Data segment:
*** Block opens ***
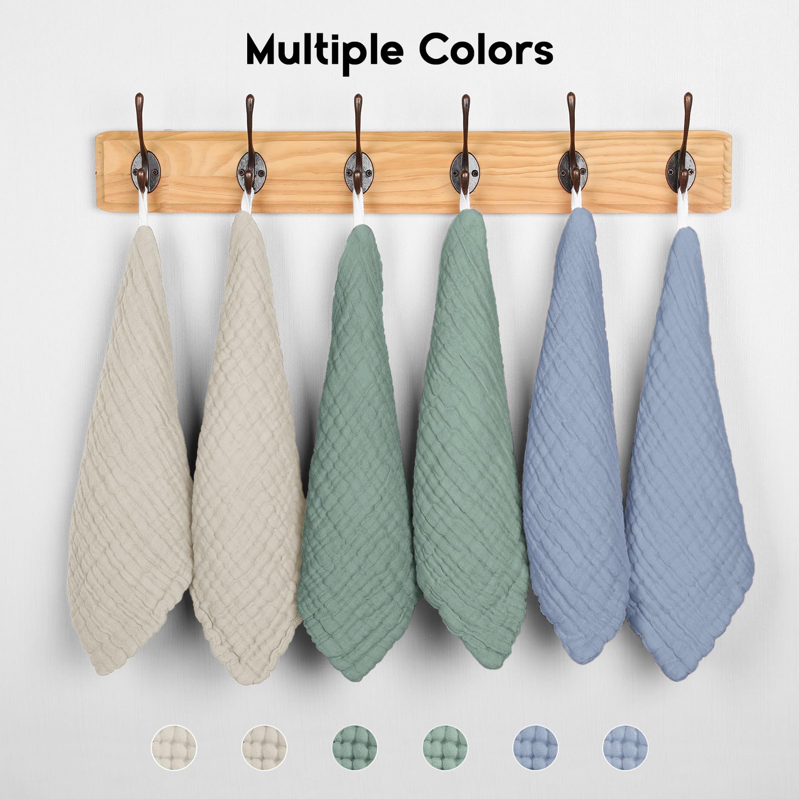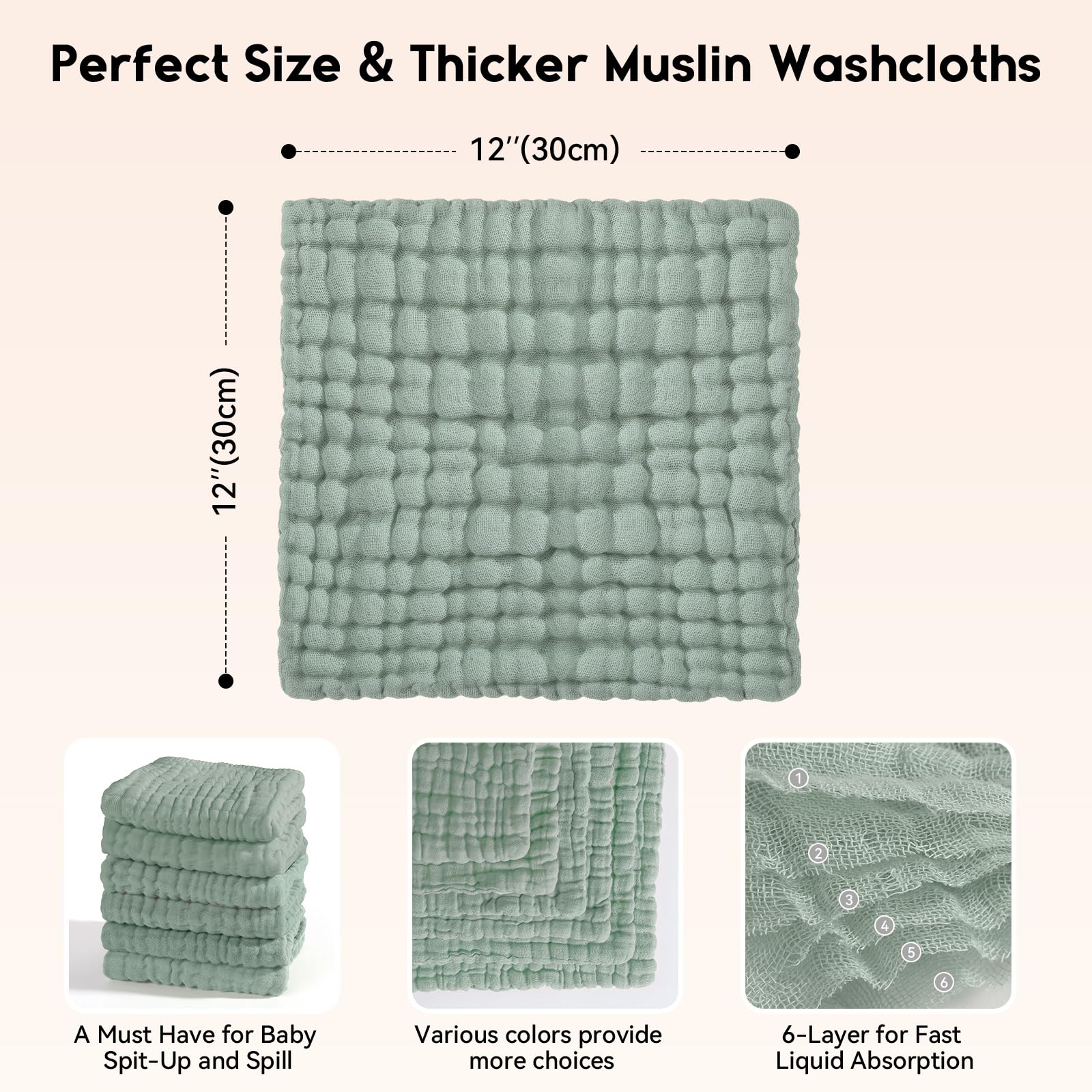 Pratical Design: The 6 pack baby muslin washcloths are thoughtfully designed in a generous size of 12"x12", offering a perfect balance between functionality and portability. Lanyard design make it easy to hang or dry, avoid germs accumulating. Reinforced edges make the muslin washcloths can withstand repeated washing while retaining its shape.
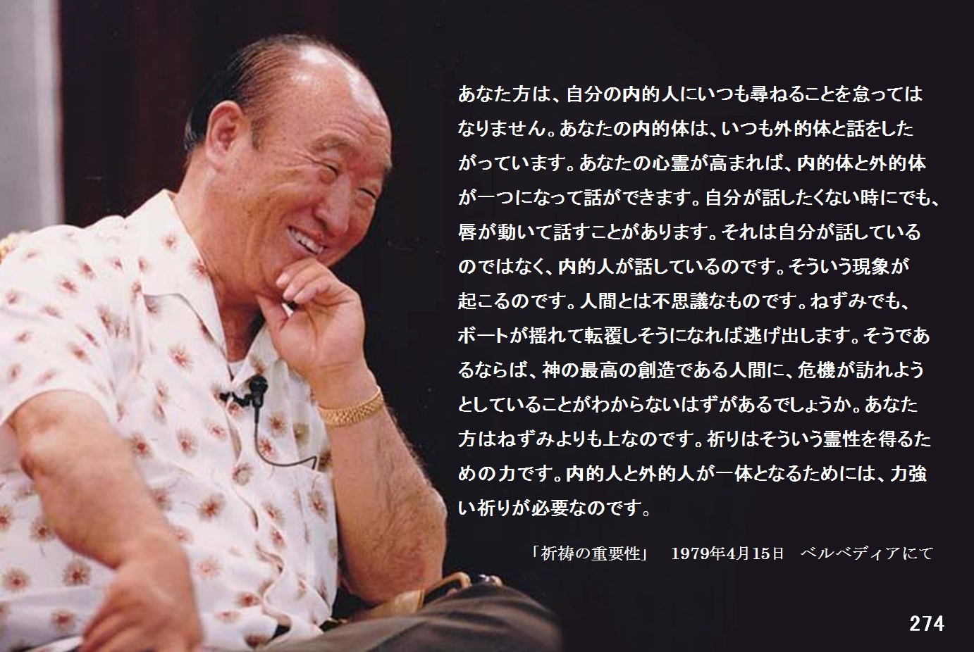 あなた方は、自分の内的人にいつも尋ねることを怠ってはなりません。あなたの内的体は、いつも外的体と話をしたがっています。あなたの心霊が高まれば、内的体と外的体が一つになって話ができます。自分が話したくない時にでも、唇が動いて話すことがあります。それは自分が話しているのではなく、内的人が話しているのです。そういう現象が起こるのです。人間とは不思議なものです。ねずみでも、ボートが揺れて転覆しそうになれば逃げ出します。そうであるならば、神の最高の創造である人間に、危機が訪れようとしていることがわからないはずがあるでしょうか。あなた方はねずみよりも上なのです。祈りはそういう霊性を得るための力です。内的人と外的人が一体となるためには、力強い祈りが必要なのです。
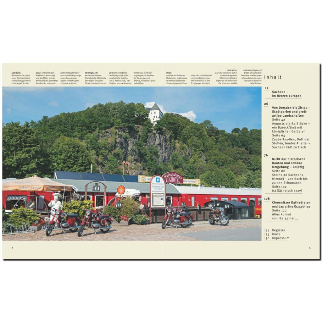 Im Erzgebirge liegt der höchste Punkt Sachsens, der Fichtelberg, im Elbsandsteingebirge beeindrucken die markanten steilen Felswände, durch das liebliche Elbtal führt die Sächsische Weinstraße, romantische Flusstäler bieten Mulde und Zschopau. Die Metallfunde des Erzgebirges ermöglichten eine reiche Kunstentfaltung. Glänzen in Dresden, dem "Elbflorenz", der Zwinger, Schloss, katholische Hofkirche und Semperoper, ist Leipzig die Stadt des Handels mit ehemaligen Messehäusern und Handelshöfen samt Passagen. Berühmt ist die Mädlerpassage mit "Auerbachs Keller". Chemnitz Kathedralen sind keine Sakralbauten, sondern großartige Denkmale der Industriearchitektur aus der Gründerzeit. REISE DURCH ... ist eine Bildband-Reihe professionell fotografiert von renommierten Reisefotografen - - - Bis zu 230 Bilder auf 128 bis 140 Seiten - - - Sensationell günstiger Preis - - - Alle wichtigen Sehenswürdigkeiten - - - Kultur und Traditionen - - - Kenntnisreiche Texte - - - Ausführliche Bildunterschriften - - - Farbige Übersichtskarte - - - Detailliertes Register. - Dieser Band ist auch in englischer Sprache lieferbar!
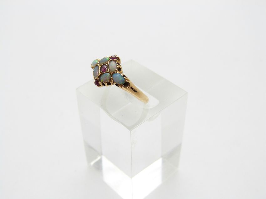 Victorian 18ct gold ring set with opal cabochons and three rubies, size M
*** Block closes ***
Every line of the listing is to be retyped exactly; pictures stay out.

 Pratical Design: The 6 pack baby muslin washcloths are thoughtfully designed in a generous size of 12"x12", offering a perfect balance between functionality and portability. Lanyard design make it easy to hang or dry, avoid germs accumulating. Reinforced edges make the muslin washcloths can withstand repeated washing while retaining its shape.
 あなた方は、自分の内的人にいつも尋ねることを怠ってはなりません。あなたの内的体は、いつも外的体と話をしたがっています。あなたの心霊が高まれば、内的体と外的体が一つになって話ができます。自分が話したくない時にでも、唇が動いて話すことがあります。それは自分が話しているのではなく、内的人が話しているのです。そういう現象が起こるのです。人間とは不思議なものです。ねずみでも、ボートが揺れて転覆しそうになれば逃げ出します。そうであるならば、神の最高の創造である人間に、危機が訪れようとしていることがわからないはずがあるでしょうか。あなた方はねずみよりも上なのです。祈りはそういう霊性を得るための力です。内的人と外的人が一体となるためには、力強い祈りが必要なのです。
 Im Erzgebirge liegt der höchste Punkt Sachsens, der Fichtelberg, im Elbsandsteingebirge beeindrucken die markanten steilen Felswände, durch das liebliche Elbtal führt die Sächsische Weinstraße, romantische Flusstäler bieten Mulde und Zschopau. Die Metallfunde des Erzgebirges ermöglichten eine reiche Kunstentfaltung. Glänzen in Dresden, dem "Elbflorenz", der Zwinger, Schloss, katholische Hofkirche und Semperoper, ist Leipzig die Stadt des Handels mit ehemaligen Messehäusern und Handelshöfen samt Passagen. Berühmt ist die Mädlerpassage mit "Auerbachs Keller". Chemnitz Kathedralen sind keine Sakralbauten, sondern großartige Denkmale der Industriearchitektur aus der Gründerzeit. REISE DURCH ... ist eine Bildband-Reihe professionell fotografiert von renommierten Reisefotografen - - - Bis zu 230 Bilder auf 128 bis 140 Seiten - - - Sensationell günstiger Preis - - - Alle wichtigen Sehenswürdigkeiten - - - Kultur und Traditionen - - - Kenntnisreiche Texte - - - Ausführliche Bildunterschriften - - - Farbige Übersichtskarte - - - Detailliertes Register. - Dieser Band ist auch in englischer Sprache lieferbar!
 Victorian 18ct gold ring set with opal cabochons and three rubies, size M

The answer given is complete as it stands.